The authors reply
Many of these limitations highlighted by Ishii et al (1) and in our article (5), recently published in Critical Care Medicine, are likely due to the use of registry data, and therefore, these findings are meant to be hypothesis generating and confirmed in prospective studies. However, Ishii et al (1) speculate that if these values are true, they highlight the medical staff’s unfamiliarity with ECLS. Although this is possible, the ELSO Registry reflects real-world ECLS use, and we did not have details surrounding institutional characteristics to explore whether center characteristics are associated with the frequency of hyperoxia.
They suggest an analysis excluding excessive hyperoxia PaO2 greater than 200 mm Hg in the VV ECMO cohort. In an exploratory analysis, we evaluated different thresholds of hyperoxia within the categories created in increments of 20 mm Hg; however, no single threshold was associated with outcome—possibly attributable to the small numbers in each category (Appendix Tables 4 and 6 in ).

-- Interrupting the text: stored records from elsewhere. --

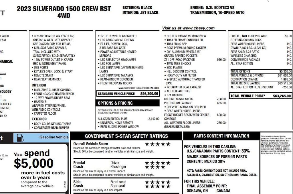 (355 hp [265 kW] @ 5600 rpm, 383 lb-ft of torque [518 Nm] @ 4100 rpm); featuring available Dynamic Fuel Management that enables the engine to operate in 17 different patterns between 2 and 8 cylinders, depending on demand, to optimize power delivery and efficiency, includes (UG1) Universal Home Remote, (A48) rear sliding power window, (PZ8) Hitch Guidance with Hitch View, (JL1) Trailer brake controller and (UET) Trailering App Includes (UQA) Bose Premium Sound System.), includes (Z71) Off-Road suspension, (JHD) Hill Descent Control, (NZZ) skid plates and (K47) heavy-duty air filter Includes Z71 hard badge, (N10) dual exhaust, (RCV) 18" bright silver painted wheels, (XCK) 265/65R18 all-terrain, blackwall tires and (NQH) 2-speed transfer case. ASSIST STEPS, CHROME, WHEEL TO WHEEL, includes (B1J) wheel house liners and (CGN) Chevytec spray-on bedliner, with center console (Includes (EPH) Electronic Transmission Range Selector (console mounted). (includes Z71 logo on front mats), with Google built-in, 13.4" diagonal HD color touchscreen, includes multi-touch display, AM/FM stereo, Bluetooth® streaming audio for music and most phones; featuring wireless Android Auto® and Apple CarPlay® capability for compatible phones, advanced voice recognition, in-vehicle apps, personalized profiles for infotainment and vehicle settings (STD), with Electronic Transmission Range Selector, (ETRS), electronically controlled with overdrive, tow/haul mode and steering column paddle shifters. Includes Cruise Grade Braking and Powertrain Grade Braking.
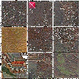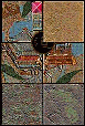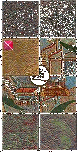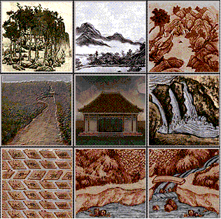 Exit the room, move R2 F R and enter the northwest room. Turn left and zoom in on the Feng-Shui puzzle. The object of this puzzle is to move eight of the nine pieces at left into the empty grid at right while maintaining a center house image that is the same as the rightmost (most complete) in the row of five shown at the bottom. The solution will satisfy the requirements of Feng-Shui landscape design as stated in the Archives:
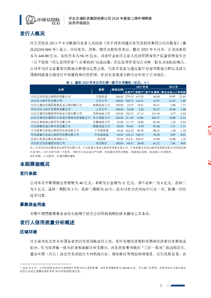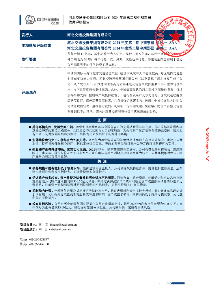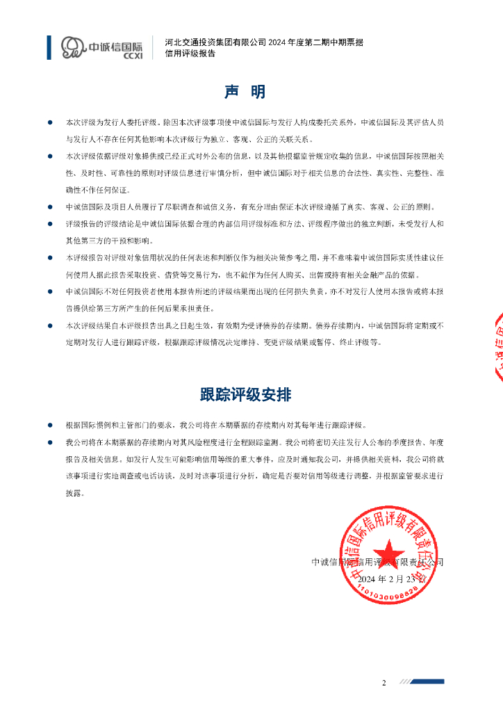 中诚信:河北交通投资集团有限公司2024年度第二期中期票据债项信用评级报告及跟踪评级安排.pdf
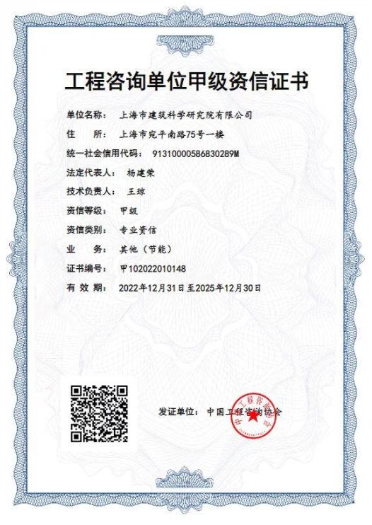 近期,上海市建筑科學研究院有限公司榮獲工程咨詢單位甲級資信證書,成為上海市首家獲得其他(節能)甲級專業資信的單位,并通過建材乙級專業咨詢的評審,彰顯建科院優秀的科技創新能力、過硬的專業人才優勢和雄厚的技術服務實力,實現了工程咨詢能力建設的重大突破。

Finally, we used logistic regression for our primary outcome of hospital mortality, as mortality at other time points was not available. The difference in mortality between a 28-day measure and “in-hospital” measure was assumed to not likely be remarkably different given the acuity of the patients and the high proportion of death within 28 days (i.e., it would be unlikely that patients on ECMO would be palliated and discharged from the ICU). It would also be unlikely for patients who are still admitted after 28 days to die due to hyperoxia after day 28. Furthermore, observational studies have demonstrated high correlation between in-hospital mortality and 30-day mortality across patients with acute medical conditions (6). A Cox proportional hazard model could also be an appropriate method to perform our analysis; however, we were less interested in time to death and more interested in whether death occurred. Future research, in addition to choosing a standardizable outcome, needs to also consider the time-varying nature of the exposure.